She pulled a chair close to my bed. “Yeah. I heard what happened. There really isn’t a nice way to say this. What they did was awful.”
Her honesty broke something open in me. I started crying again. Megan didn’t give me empty comfort. She didn’t tell me my parents loved me in their own way. She just handed me tissues and sat beside me in the dark while I mourned the family I had lost.
When I finally stopped crying, she leaned closer.
“I won’t lie to you,” she said. “The next few years will be hard. Treatment is brutal. But you are not doing this alone. I will be here. Every step.”
“You don’t even know me,” I whispered.
“Not yet,” she said with a small smile. “But I think you’re pretty remarkable.”
That night, Megan brought in an old deck of cards. We played Go Fish until two in the morning. She told me about her life. She was divorced. She had always wanted to be a mother but could not have children. She lived in a small house fifteen minutes away with a fat cat named Waffles.

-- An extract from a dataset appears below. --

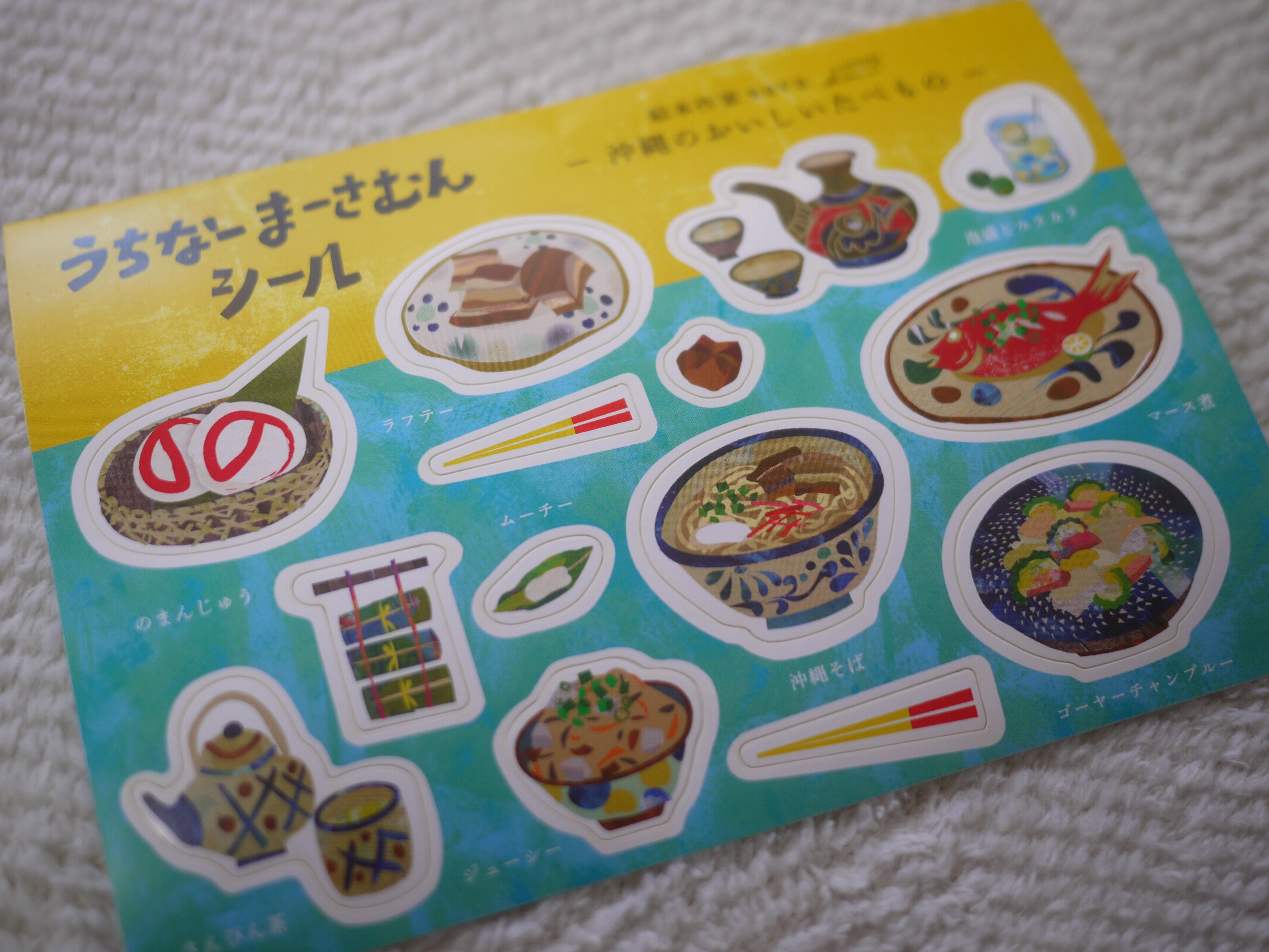 うちなーまーさむん(沖縄のおいしいたべもの)がたくさん並んだシールシートです。

“Why did you become a nurse?” I asked.
“My little brother had leukemia when I was eighteen,” she said. “He survived. But I never forgot the nurses who treated him like a person instead of a broken machine. I wanted to be one of the good ones.”
“Did your parents leave him?” I asked bitterly.

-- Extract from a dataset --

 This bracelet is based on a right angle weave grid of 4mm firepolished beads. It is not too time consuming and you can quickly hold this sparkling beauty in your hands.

Her expression hardened. “No. They went broke helping him and never complained once. That is what real parents do.”
During that first month of chemotherapy, Megan became my anchor. When the medication made me sick, she held my hair back. When my hair began falling out, she made me laugh by showing me photos of her terrible high school perm. My biological parents never visited. Not once.